Garden Grove Cops: Give That Pot Back

 SANTA ANA - The U.S. Supreme Court refused Monday to review a lower court decision ordering Garden Grove police to return eight grams of marijuana seized from a patient who had been pulled over in a traffic stop, an attorney said.

The case involving Garden Grove resident Felix Kha that the nation's highest court refused to take up was a landmark ruling, issued on Nov. 28, 2007 by California's Fourth District Court of Appeal that held "it is not the job of local police to enforce the federal drug laws," according to Joe Elford, chief counsel with Americans for Safe Access.

The city of Garden Grove appealed to the California Supreme Court, which refused to review the decision in March, then petitioned the U.S. Supreme Court.
  
Elford called the court's refusal to consider the case a victory in clarifying law enforcement's obligation to uphold state law regarding medical marijuana.
  
The lower court's 41-page decision found that the state's medical marijuana law was not preempted by federal law, Elford said.

The decision will result in better adherence to state medical marijuana laws by local police and will result in fewer needless arrests and seizures, advocates assert.

"It's now settled that state law enforcement officers cannot arrest Medical marijuana patients or seize their medicine simply because they prefer the contrary federal law," Elford said.

"Perhaps, in the future local government will think twice about expending significant time and resources to defy a law that is overwhelmingly supported by the people of our state."

Lois Bobak, a private attorney whose firm represents the city on a contract basis, said the issue in the case was a narrow one.

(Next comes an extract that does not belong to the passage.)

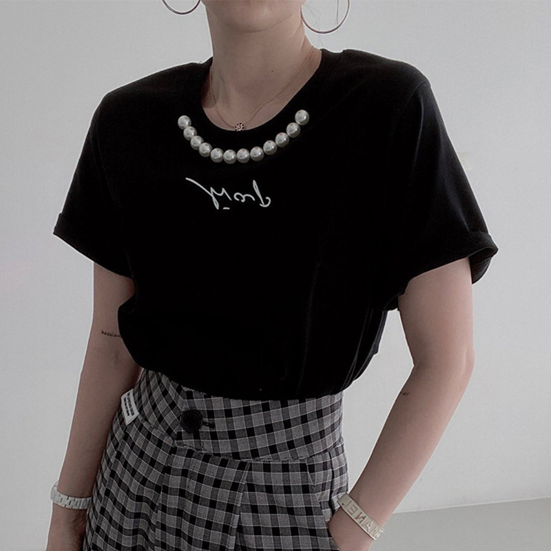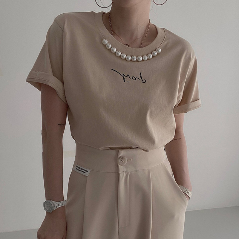 한국 세련된 우아한 심플한 라운드 넥 진주 장식 편지 인쇄 느슨한 모든 매치 짧은 소매 티셔츠 여성용 탑스토어 가기
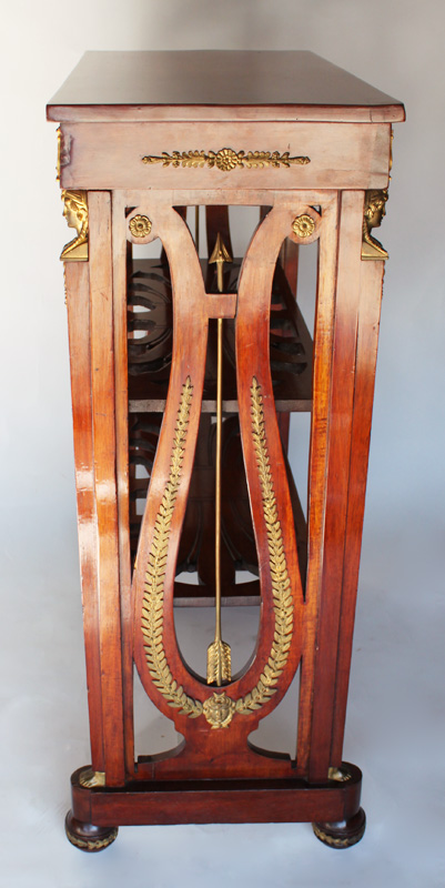A French 19th/20th Century Empire Style Mahogany and Gilt-Bronze Mounted Étagère with female masks, stars, wreaths, arrows and a center medallion with two putti and acanthus. The Circa: Paris, 1900.

"The U.S. Supreme Court didn't issue any kind of ruling, it just failed to review a lower-court decision," Bobak said. "You can't read too much into that fact. The city felt it was important to pursue the legal principle that police shouldn't be put in a position of returning a substance that is contraband under federal law."

Kha, 23, was stopped by police on June 10, 2005. He pleaded guilty to a traffic violation, but a charge of possessing marijuana while driving was dropped after he produced a doctor's note approving Kha's use, which he said was for severe back pain.
  
A judge ordered the return of the marijuana but the city saw itself as caught in the middle of a conflict between state and federal law.

Bobak said Kha did not have his doctor's note on him when police stopped him, which allowed police to properly seize it. The city argued that because the seizure was legal in light of Kha's failure to carry the note, the marijuana did not have to be returned.

Of the high court's refusal to take the case, Bobak said, "I think it gives clear direction to police if they confiscate (medical) marijuana and a person later establishes they qualify for it."

The marijuana has not been returned but will be once the city gets the deny of review ruling.

A case challenging Anaheim's ban on dispensaries, an entirely separate issue, is pending before the Fourth District Court of Appeal, Elford said.